Fitting a random forest to labeled training data...


We found that this produced results much better than chance, but underperformed Bag of Words by a few percentage points. Since the element-wise average of the vectors didn't produce spectacular results, perhaps we could do it in a more intelligent way? 

A standard way of weighting word vectors is to apply **tf-idf** weights, which measure **how important a given word is within a given set of documents**. 
- One way to extract tf-idf weights in Python is by using scikit-learn's **`TfidfVectorizer`**, which has an interface similar to the CountVectorizer that we used in Part 1. 
- However, when we tried weighting our word vectors in this way, we found no substantial improvement in performance.

# 3. From Words to Paragraphs, Attempt 2: Clustering
Word2Vec creates clusters of semantically related words, so another possible approach is to **exploit the similarity of words within a cluster**. Grouping vectors in this way is known as **vector quantization**. To accomplish this, we first need to find the centers of the word clusters, which we can do by using a clustering algorithm such as K-Means.

## K-Means clustering (*long run time because of high K*) 

In [33]:
from sklearn.cluster import KMeans
import time

start = time.time() # Start time

# Set "k" (num_clusters) to be 1/5th of the vocabulary size, or an average of 5 words per cluster
word_vectors = model.syn0
num_clusters = word_vectors.shape[0] / 5

# Initalize a k-means object and use it to extract centroids
kmeans_clustering = KMeans( n_clusters = num_clusters )
idx = kmeans_clustering.fit_predict( word_vectors )

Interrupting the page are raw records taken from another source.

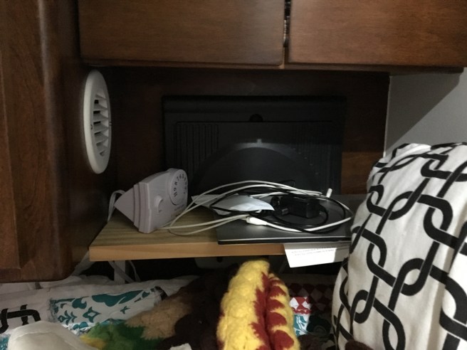 I haven’t really made any major changes or upgrades in the off season, except replacing the battery with a larger one in anticipation of upcoming boondocking trips. However, I was pleased to find that my new laptop fits perfectly on my table over the charging center.
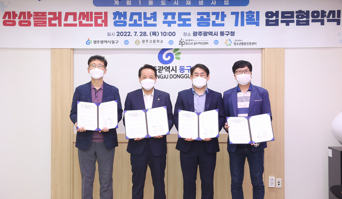 이날 협약식은 임택 동구청장, 진정준 광주고등학교장, 박형주 광주청소년삶디자인센터장, 문수영 광주청소년활동진흥센터장이 참석한 가운데 상상플러스센터 조성에 있어 기획 단계부터 청소년들의 의견과 아이디어가 적극 반영될 수 있도록 각 기관이 상호 협력하기로 했다.
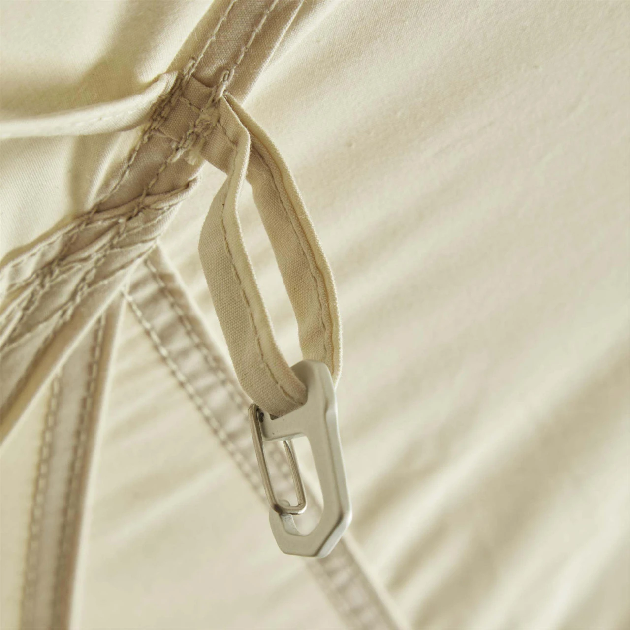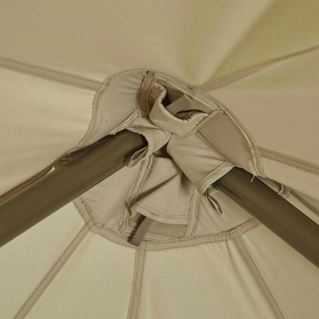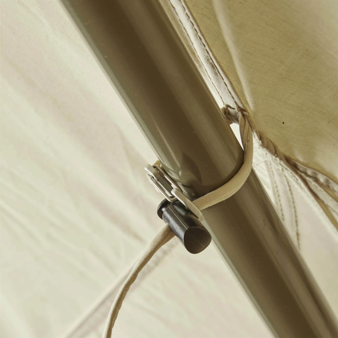 Das Nordisk Midgard 9.2 Familienzelt ist ein stangenfreies Baumwoll-Mischgewebe Zelt, welches in einem innovativen Design gehalten ist. Es lässt sich schnell und leicht aufbauen. Im Zelt selbst finden bis zu 6 Personen problemlos Platz und der geräumige Wohnbereich dient gleichzeitig als Schlafbereich. In das Innere des Zeltes gelangst Du durch einen der beiden Eingänge. Im Inneren des Midgard 9.2 hast Du durch die 2,70 Meter Zelthöhe eine zentrale Stehöhe. Durch die Fenster und Türen kommt besonders viel Licht und Luft in das Zelt. Dies sorgt für ein helles und belüftetes Zeltklima. Darüber hinaus sind die Fenster und Türen mit Moskitonetzen ausgestattet, sodass keine Insekten hineinkommen können. Zu den weiteren Ausstattungsmerkmalen des Midgard 9.2 gehören unter anderem ein großes Vordach über dem Eingang, welches einen sicheren Zugang ins Innere gewährt, aber auch vor Witterungseinflüssen schützt und eine stangenfreie Optik, da es keine störende Mittelstange gibt. Außerdem lässt sich das Midgard 9.2 mit der Vimur-Serie in der Größe und Fläche erweitern.
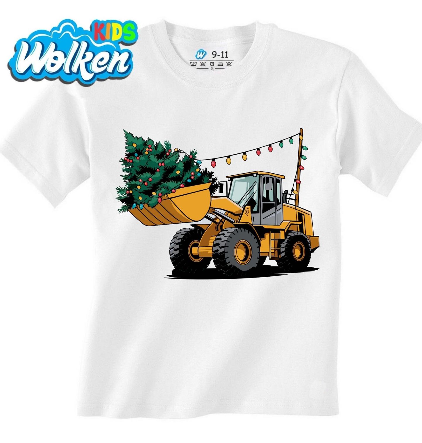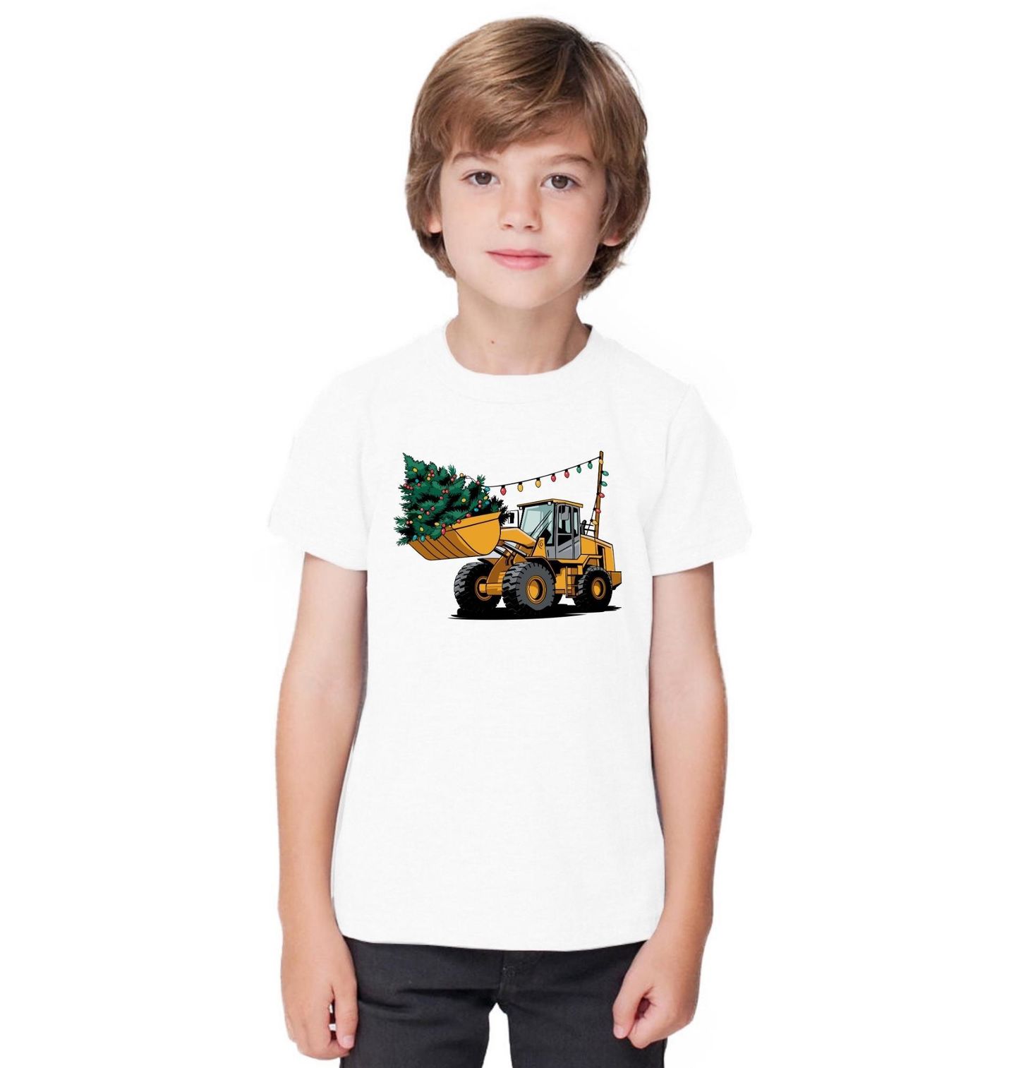 Dětské tričko Vánoční Nakladač. Vánoce mohou dorazit i ve velkém stylu! Tento vtipný a originální motiv zobrazuje silný stavební stroj, který veze ozdobený vánoční stromeček – ideální pro všechny, kdo milují techniku, bagry, nakladače nebo traktory. Připomeňte si, že i ve světě těžké práce mají Vánoce své kouzlo.
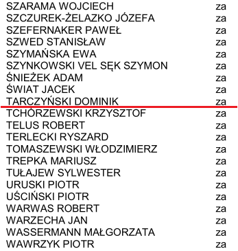 Jednak wcześniej poseł Tarczyński nie był tak krytyczny wobec Czarzastego, który mówił podobne rzeczy. Dwa tygodnie temu Dominik Tarczyński wraz ze 176 innymi posłami Prawa i Sprawiedliwości zagłosował za kandydaturą Czarzastego na wicemarszałka Sejmu.
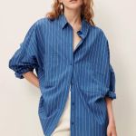 Camisa amplia en popelín de SESSÚN compacto con motivo de finas rayas bicolor texturizadas y bolsillos de parche, tejida en Italia.
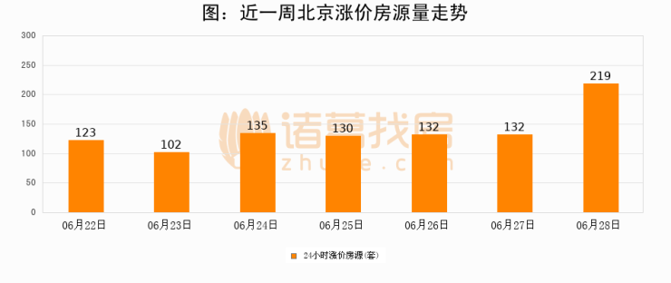 根据诸葛找房数据显示,北京24小时涨价房源量为219套,较06月27日增加87套,环比上涨65.9%。与此同时,涨价房源占比小幅扩大,业主信心有所提升。
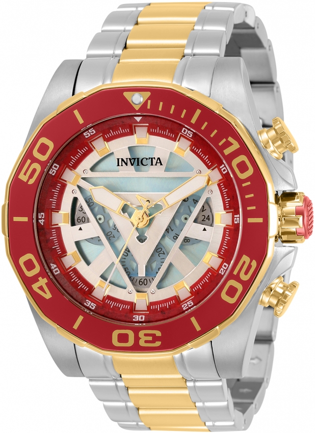 Silver-tone stainless steel case with a two-tone (silver-tone and gold-tone) stainless steel bracelet. Uni-directional rotating red and gold and silver stainless steel bezel. Blue and silver and red dial with gold-tone hands and index hour markers. Minute markers around the outer rim. Dial Type: Analog. Luminescent hands and markers. Chronograph - three sub-dials displaying: 60 second, 60 minute and 24 hour. Hattori Caliber VD54 quartz movement. Scratch resistant Flame Fusion crystal. Pull / push crown. Solid case back. Round case shape, case size: 48 mm, case thickness: 15.4 mm. Band width: 24 mm, band length: 7 inches. Fold over clasp. Water resistant at 100 meters / 330 feet. Functions: chronograph, GMT, second time zone, hour, minute, second. Marvel Series. Sport watch style. Watch label: Japan Movt. Invicta Marvel Ironman Chronograph Quartz Mens Watch 33368.
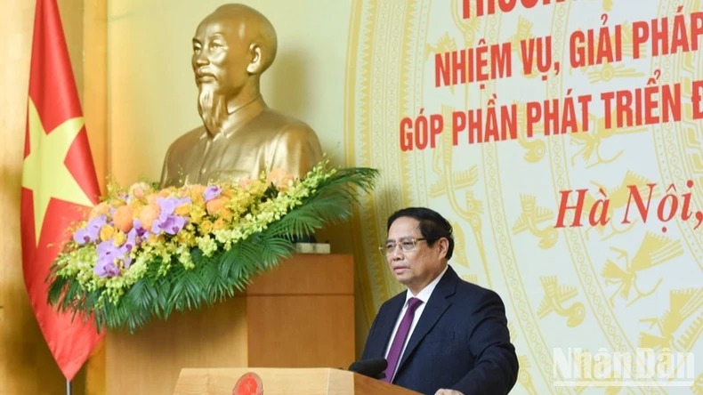 Thủ tướng Phạm Minh Chính phát biểu ý kiến tại Hội nghị. (Ảnh: TRẦN HẢI)
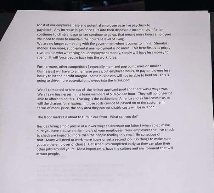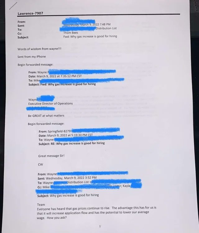 Applebee's manager email touting gas prices + poorer employees equals lower wages to hire.
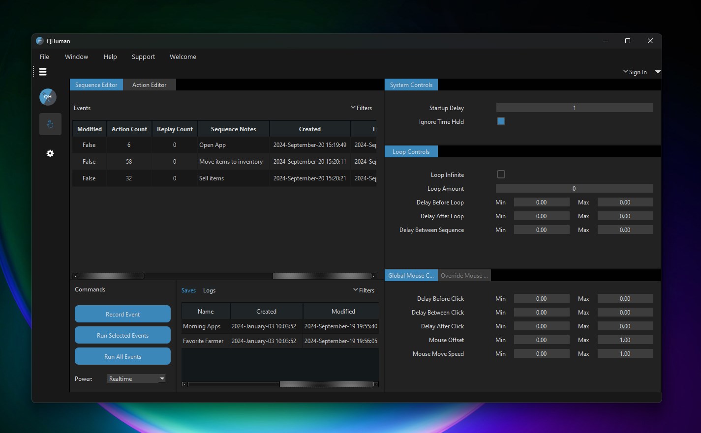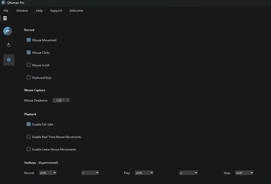 Introducing QHuman—a straightforward automation tool for repetitive tasks. Record and replay mouse movements, clicks, scrolls, keyboard inputs, and now detect images and pixels on-screen. Adjust speeds, add randomness, and set precise durations for natural, human-like actions.

# Get the end time and print how long the process took
end = time.time()
elapsed = end - start
print "Time taken for K Means clustering: ", elapsed, "seconds."

Time taken for K Means clustering:  1824.00886083 seconds.


In [34]:
# For convenience, we zip these into one dictionary as follows:
# Create a Word / Index dictionary, mapping each vocabulary word to a cluster number                                                                                            
word_centroid_map = dict(zip( model.index2word, idx ))

In [35]:
# Check words in the first 10 clusters
for cluster in xrange(0,10):
    # Print the cluster number  
    print "\nCluster %d" % cluster
    
    # Find all of the words for that cluster number, and print them out
    words = []
    for i in xrange(0,len(word_centroid_map.values())):
        if( word_centroid_map.values()[i] == cluster ):
            words.append(word_centroid_map.keys()[i])
    print words


Cluster 0
[u'tired', u'bored', u'scared']

Cluster 1
[u'unexpectedly', u'engages', u'decidedly', u'unassuming', u'stable']

Cluster 2
[u'artifact', u'lowly', u'researching', u'detour', u'pact', u'conducting', u'dong', u'mp', u'interviewing', u'abbey', u'experimenting']

Cluster 3
[u'thespian', u'gutsy', u'meaty', u'asset']

Cluster 4
[u'tanner', u'valdez']

Cluster 5
[u'regional', u'specifically', u'descent', u'traditionally']

Cluster 6
[u'revisit', u'sneakers', u'skipping', u'tivo', u'heres', u'queue', u'nay', u'cough', u'til', u'counting']

Cluster 7
[u'illustrate', u'myriad']

Cluster 8
[u'gist', u'summarized', u'paragraph', u'condensed']

Cluster 9
[u'claws', u'maggots', u'swords', u'organs', u'chickens', u'tattoos', u'knives', u'bats']


## Bag of "centroids"
Now we have a cluster (or "centroid") assignment for each word. 
- We can define a function to convert reviews into bags-of-centroids. 
- This works just like Bag of Words but uses semantically related clusters instead of individual words.

In [36]:
def create_bag_of_centroids( wordlist, word_centroid_map ):
    
    # The number of clusters is equal to the highest cluster index in the word / centroid map
    num_centroids = max( word_centroid_map.values() ) + 1
    
    # Pre-allocate the bag of centroids vector (for speed)
    bag_of_centroids = np.zeros( num_centroids, dtype="float32" )
    
    # Loop over the words in the review. If the word is in the vocabulary,
    # find which cluster it belongs to, and increment that cluster count by one
    for word in wordlist:
        if word in word_centroid_map:
            index = word_centroid_map[word]
            bag_of_centroids[index] += 1

    return bag_of_centroids

In [37]:
# Pre-allocate an array for the training set bags of centroids (for speed)
train_centroids = np.zeros( (train["review"].size, num_clusters), dtype="float32" )

# Transform the training set reviews into bags of centroids
counter = 0
for review in clean_train_reviews:
    train_centroids[counter] = create_bag_of_centroids( review, word_centroid_map )
    counter += 1

# Repeat for test reviews 
test_centroids = np.zeros(( test["review"].size, num_clusters), dtype="float32" )

counter = 0
for review in clean_test_reviews:
    test_centroids[counter] = create_bag_of_centroids( review, word_centroid_map )
    counter += 1

## Model fitting (random forest)

In [38]:
# Fit a random forest and extract predictions 
forest = RandomForestClassifier(n_estimators = 100)

# Fitting the forest may take a few minutes
print "Fitting a random forest to labeled training data..."
forest = forest.fit(train_centroids,train["sentiment"])
result = forest.predict(test_centroids)

# Write the test results 
output = pd.DataFrame(data={"id":test["id"], "sentiment":result})
# output.to_csv( "BagOfCentroids.csv", index=False, quoting=3 )

Fitting a random forest to labeled training data...